Records to use:
===

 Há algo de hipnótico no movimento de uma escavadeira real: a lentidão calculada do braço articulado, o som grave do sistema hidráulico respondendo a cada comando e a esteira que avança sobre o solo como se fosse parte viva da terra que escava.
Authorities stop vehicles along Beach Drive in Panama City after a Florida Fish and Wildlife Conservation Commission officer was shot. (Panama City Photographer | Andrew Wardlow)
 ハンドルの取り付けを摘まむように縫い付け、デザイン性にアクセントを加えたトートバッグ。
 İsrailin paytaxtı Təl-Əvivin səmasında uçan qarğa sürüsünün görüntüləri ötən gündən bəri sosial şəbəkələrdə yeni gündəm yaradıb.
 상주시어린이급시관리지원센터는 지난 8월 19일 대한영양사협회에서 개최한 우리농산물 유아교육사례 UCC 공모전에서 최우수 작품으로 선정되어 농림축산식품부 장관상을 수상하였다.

===

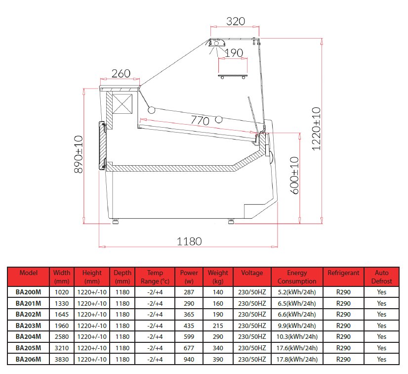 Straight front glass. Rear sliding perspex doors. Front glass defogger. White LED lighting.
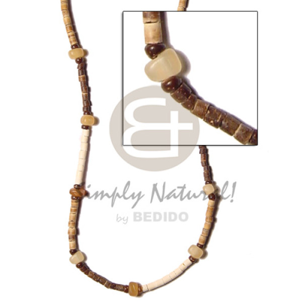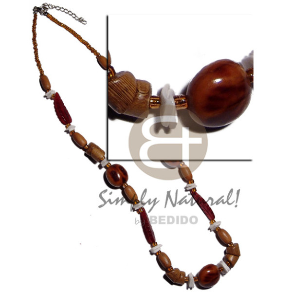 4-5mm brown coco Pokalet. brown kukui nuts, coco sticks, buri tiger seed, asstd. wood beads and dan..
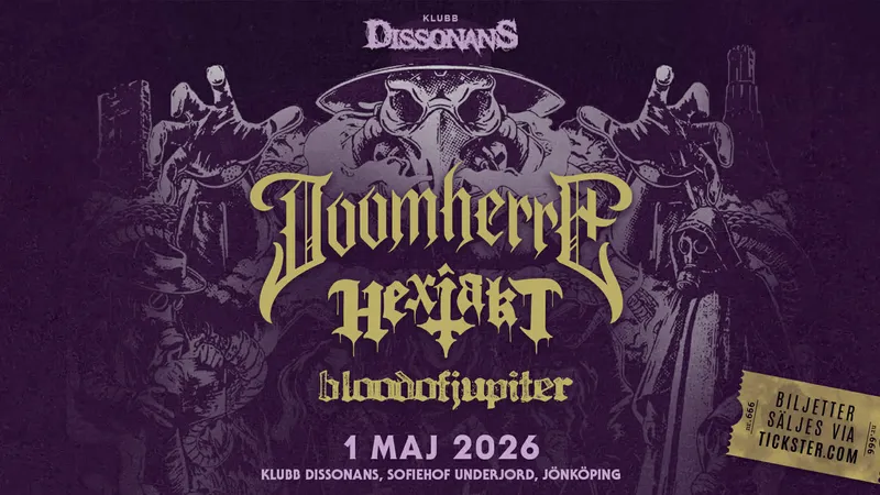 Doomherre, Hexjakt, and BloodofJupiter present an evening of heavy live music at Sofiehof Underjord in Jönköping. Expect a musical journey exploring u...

===

Instructions to follow: All lines above from the one holding "Authorities stop vehicles" to the one holding "상주시어린이급시관리지원센터는 지난 8월", inclusive, are to be copied exactly; no other line is wanted.

Answer to this task:
Authorities stop vehicles along Beach Drive in Panama City after a Florida Fish and Wildlife Conservation Commission officer was shot. (Panama City Photographer | Andrew Wardlow)
 ハンドルの取り付けを摘まむように縫い付け、デザイン性にアクセントを加えたトートバッグ。
 İsrailin paytaxtı Təl-Əvivin səmasında uçan qarğa sürüsünün görüntüləri ötən gündən bəri sosial şəbəkələrdə yeni gündəm yaradıb.
 상주시어린이급시관리지원센터는 지난 8월 19일 대한영양사협회에서 개최한 우리농산물 유아교육사례 UCC 공모전에서 최우수 작품으로 선정되어 농림축산식품부 장관상을 수상하였다.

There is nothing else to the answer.